I know our relationship had been turmoil on/off but I never got a total disconnect from her until she left. Well, earlier today she basically started the divorce process and I will be served soon. I don't want a divorce, don't believe we should get a divorce. I know anyone can't get a divorce and I can't make her stay. It's just hurtful because she keeps trying to tell me she was involved in domestic violence with me, I am a manipulative, I am angry all the time, etc. She claims I am always yelling, breaking things, throwing things, etc. This is not completely true. I have lost my temper over hurtful things but never abuse. She had a traumatic childhood as a girl (dad chased her mom with a baseball bat).

I recently found some diaries of hers saying how much of a blessing I was to her, our son, we both want children etc. She talks about feeling bad for correcting me in front of our son when we were trying to discipline him. She also mentions saying evil things to me she wouldn't say to her worst enemy. I went through her old phone and found a 3 year old text message with her arguing with her parents about stop trying to convince her she is abused by me, stay out of our marriage and stop interrogating our son about therapy.

This may seem like an invasion of privacy, but she left the journals here and her old phone. My attorney told me to grab them just in case. She told the therapist I was abusive to her, manipulative, etc. Again, I'm not blaming her for everything and admit we had some doozy arguments. The therapist mentioned that we should put up strong boundaries with families and work on healing ourselves first. Well she only tried two sessions and quit and went with divorce. She has interrogated who I have talked too, what am I telling them, and did I tell her "side of the story."

Also, I admit, I had some strong urges to harm myself, but I got help from friends/family and put up weapons with a close friend. She knew about this plan for several days but then called my friend and our therapist claiming I was threatening suicide and had access at that moment which was not true. She also crazily claimed I was following her in an old vehicle owned.
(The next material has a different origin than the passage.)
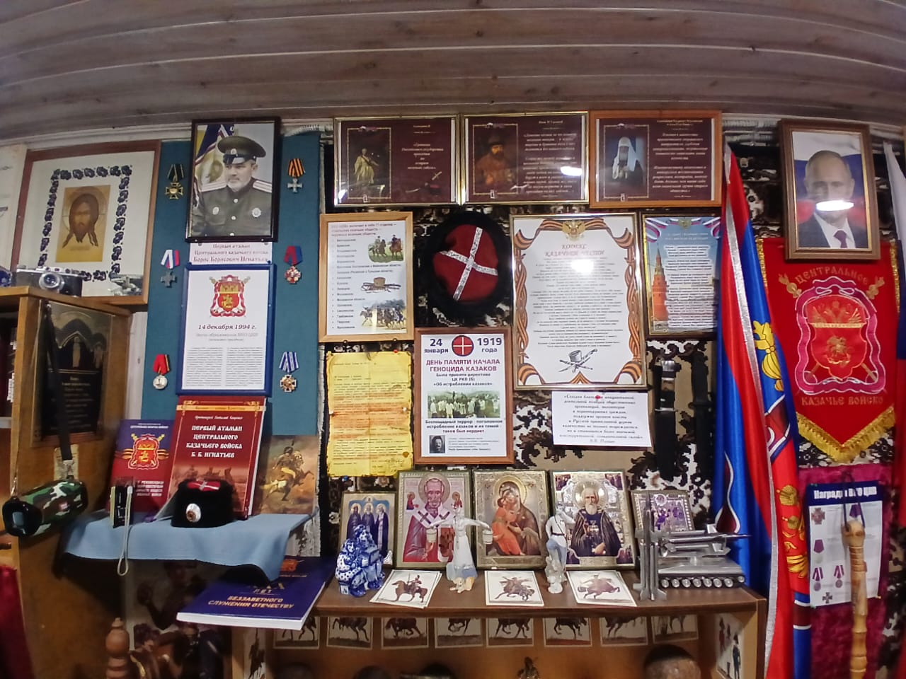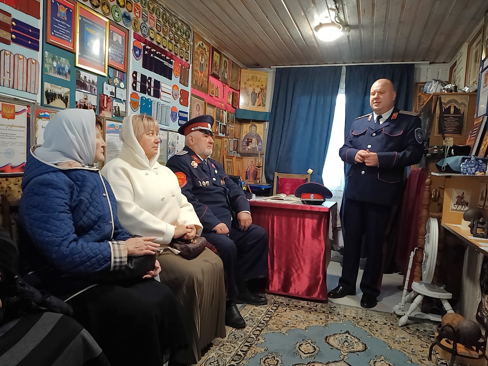 Перед освящением музея была совершена заупокойная лития в память первого атамана Жуковского ХКО сотника Евгения Мануйлова (†08.10.2021). После завершения церемонии открытия музея и экскурсии по культурному центру состоялся отчётный круг Жуковского ХКО, на котором казаки обсудили текущие дела общества и планы на будущее.

I feel she may have cheated on me... mentioned a police officer flirting with her and asking her to marry him, some old family friend hitting her up for dates, ordered body spray and see through heart panties to our house (moved out 20 days ago), old bank records of eating fast food but paying $20 for a meal, etc. She claims she told me if these things in the past but I don't remember. I sold a bunch of silver and she nagged me to put it in the bank for house repairs but I did keep back $500 which I'm glad I did. While she was nagging me about that I found out she had already drawn up divorce papers, even though she said she was sticking with counseling. I am starting law school soon and obtained a lawyer because she tried to convince me just to cooperate in mediation but I'm not buying it. I think she is trying to pull something, cheated on me, and wonder what other surprises are coming.

I do have an attorney but again don't want a divorce. Btw, she told me 3 ways of ending the marriage for her was to overdose on her own medication, "screw" another guy, or hoped I died. Just trying to process and heal. Any advice is appreciated 👍


----------



## Evinrude58 (Jun 16, 2014)

Get an attorney, yes she’s a cheater.

Know it’s going to be excruciatingly painful for a while, but later you’ll be able to see that her filing for a divorce is a blessing, not a curse.

she’s going to do everything possible to get everything she can out of you in the divorce. Just be prepared. She will seem like a different person…. She is… treat her as the stranger she is.


----------



## EleGirl (Dec 3, 2011)

Sorry you are going through this. I know it's hard.

You say that you don't want to do mediation. It can be a lot cheaper to do mediation. However, as you suggest, it's often used to bamboozle one party capitulate to the demands of the other. One thing you could do is get some consolations with a lawyer, so you know that the norm is for things like splitting assets. Then use that knowledge in medication. If she and the mediator push you to give her more than you feel is her 50%, then just stop the mediation and use your lawyer.

How old is your adopted son? 

You say he's living with your wife's sister, his aunt. Do you and your wife currently help your wife's sister financially for your son? Will that be part of the divorce?


----------



## teutonic_metal (12 mo ago)

Thank you both. The adopted son turns 18 in less than 2 months. We weren't ordered to pay child support but we were doing it anyways. My attorney told me not to worry about it because by the time this thing is done he will age out. I think she is changing his name back to hers before the marriage but I think I want this as he obviously doesn't want a relationship with me and I don't want him trying to get anything of mine if I die. It's a shame because I just wanted to be a family.
She and her sister got into it a lot over the past few years over parenting issues with him, accusations he would make against his aunt (claimed she was driving with him drunk in her car), and I feel when he wanted attention, he would feign he was going to hurt himself. He never would and when we would try to get him to the hospital, he would quickly change his story to he is fine.
Like I said, I have journals and text in her own words to prove different on unstable marriage the whole time or domestic violence.
I don't want divorce but if mediation can solve things, I will agree. I obtained an attorney because of all the crazy story and feel she is going to try and pressure me into something I don't want to do. I have already caught her lying about finances (credit cards I didn't know existed). 
I feel she is cheating but I can't prove it and may never will. But why would she tell me these stories now and order these panties (claims they've been coming monthly)? She claims she needed the body spray and lingerie too. Yeah, to use them with someone is what I say. Why not just take the lingerie panties she already had with her? It's a sick game/joke she is playing and it hurts. Get me jealous, depressed (I've lost 20 pounds in basically 20 days)?


----------



## Talker67 (Apr 7, 2016)

she sounds like mentally damaged goods, AND likely was cheating on you. She THINKS you are abusive, and it is probably all her delusions telling her that.

I understand that marriage is something you have grown comfortable with, and do not want to disrupt the status quo. but what is best for YOU right now?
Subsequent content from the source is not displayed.